Background: Castleman disease, a rare lymphoproliferative disorder with diverse features, is often misdiagnosed due to rarity and similarity to malignancies.

Aims: The study analyzed the clinicopathological characteristics, diagnostic challenges, and outcomes of head and neck Castleman disease (HNCD) to improve diagnostic accuracy and optimize management strategies.

Material and methods: Retrospective study of 21 HNCD patients treated at Beijing Tongren Hospital (2007-2024). Demographics, presentation, imaging, histopathology, treatment, and outcomes were analyzed using t-tests, Mann-Whitney U, and Fisher's exact tests.

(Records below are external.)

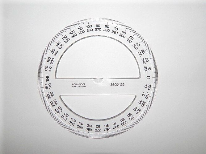 Úhloměr 360/125 746328 transparentní. Úhloměr 360/125 vyrobený z čirého průhledného polystyrenu. Dvě úhloměrné stupnice na oblouku jsou tištěny technologií přesného sítotisku. Tisk stupnic je odolný proti opotřebení při běžném používání. Úhloměr je určený k rýsování a technickému kreslení ve škole i v kanceláři. Zabalen je do polyetylenového sáčku s eurozávěsem.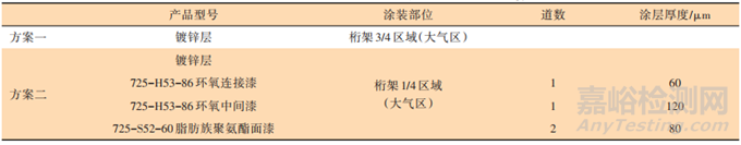 表 3 海上光伏桁架樣板防腐對(duì)比方案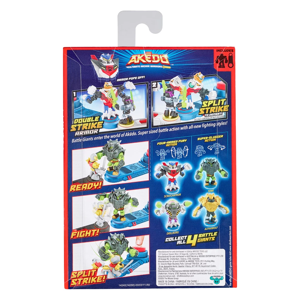 Prepare for all new supersized battle action with Akedo Battle Giants. These Arcade Warriors have double the defence with double strike armor! Hit them once to remove their armor then hit them again with a Split-Strike! There are also 2 new fighting styles – four-armed fury action and super slugger action – to level up your skill and strategy. Collect all 4 new Battle Giants!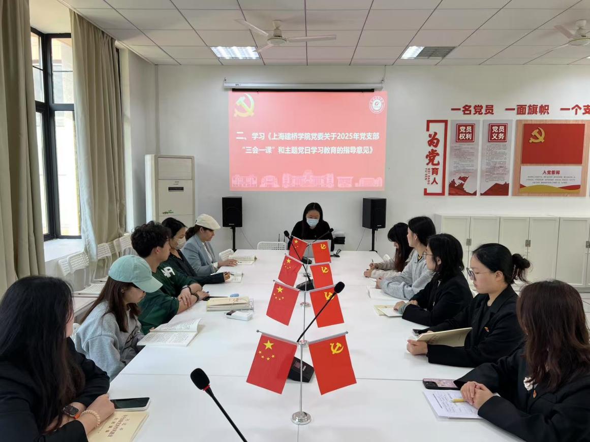 随后,孟娣根据《上海建桥学院党委关于2025年党支部“三会一课”和主题党日学习教育的指导意见》文件精神,结合本支部实际情况,对上半年组织生活进行部署。她强调,要深刻把握“学思用贯通、知信行统一”的要求,将常态化学习作为锤炼党性的基石,既要通过“三会一课”、主题党日深化理论武装,也要在服务师生、社会实践中推动学习成果转化,以“学在日常、做在经常”的姿态彰显党员先锋本色。

Results: Mean age 36.1; 52.4% female. Mainly painless cervical masses (95.2%). Histology: 85.7% hyaline vascular, 14.3% plasma cell. Imaging showing non-specific hypoechoic nodules (ultrasound) and homogeneous enhancement (CT/MRI). Surgical excision (85.7%) achieved 76.2% complete remission (mean follow-up: 85.2 months). Tumor size (34.6 ± 15.3 mm) didn't correlate with outcome (p = 0.756). One plasma cell patient (4.8%) died of unrelated causes. No recurrences or malignant transformations were observed.

Conclusions and significance: HNCDs are predominantly unicentric and can be cured with complete surgical resection. Due to the lack of specificity of imaging and laboratory findings, diagnosis relies on histopathology. Collaborations among multiple centers and molecular studies are essential to advancing the precision treatment of HNCD.